# Butt reaming/butt chewing ?



## shyguy07 (Mar 22, 2015)

Where I work I am always hearing the expressions butt reming and butt chewing. Particularly I hear people say "Well he can ream my butt on Monday for it" or people say with dread, "I'm going to get my butt chewed tomorrow". Or I hear people say to do this or that so you don't get your butt chewed.

What does this mean exactly? I never heard it used before that I can recall except here, those expressions weren't used at my last job either.

It sounds to me like disciplinary action obviously, but it sounds positively awful. It contributes to my anxiety and fear of the boss at the company a lot, and I don't like it. People use it so often it really perpetuates a lot of second guessing and OCD characteristics in me, because I don't want to get a butt reaming or butt chewing at any cost because I made a mistake or forgot something. Which I guess is good, because it means fewer mistakes, but at what cost? I think it's mentally unhealthy to have this terrible dread and fear.

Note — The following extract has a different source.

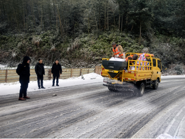 1月19日夜间,雨雪初至,镇应急办迅速联合派出所、交警中队,奔赴G207、S205易结冰路段,设置“路面结冰 减速慢行”等警示牌50余块,夜间轮流值守巡查,实时疏导过往车辆、排查道路风险。随着雨雪持续,路面结冰风险加剧,镇应急委员会组织各成员单位加大巡查频次,在国道、村主干道上抛洒工业盐、增补警示标识,有效遏制冰层蔓延。各村(社区)积极响应,广泛动员,掀起扫雪除冰热潮。罗家坪村、景致村等村党组织和联村干部牵头,组织党员志愿者和村民,手持铁锹、扫帚在村道、国道衔接处集中清扫路面积雪积冰,保障群众出行安全与车辆通行顺畅。
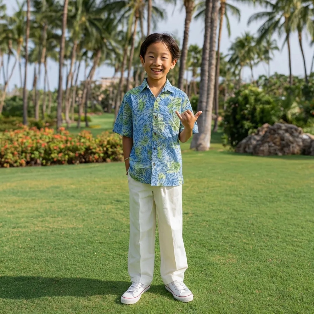 爽やかなブルーにモンステラ&バナナリーフ柄が広がる、南国ムードたっぷりのキッズアロハシャツ。軽くて動きやすく、旅行やリゾート、お出かけにも快適な着心地です。家族でお揃いコーデを楽しめるデザインで、記念写真やイベントにもぴったり。ハワイらしい明るいカラーが、特別な一日をより楽しく彩ります。

It has led to a lot of depression in my life also, not just these expressions but other things I see and hear at work too.


----------



## Twelve Keyz (Aug 28, 2011)

Pretty self explanatory. Reaming involves using a rotary cutting tool (a reamer) to widen a hole. Chewing involves biting and working something around in your mouth. This is a tradition in some workplaces. Best to get over your OCD soon.


----------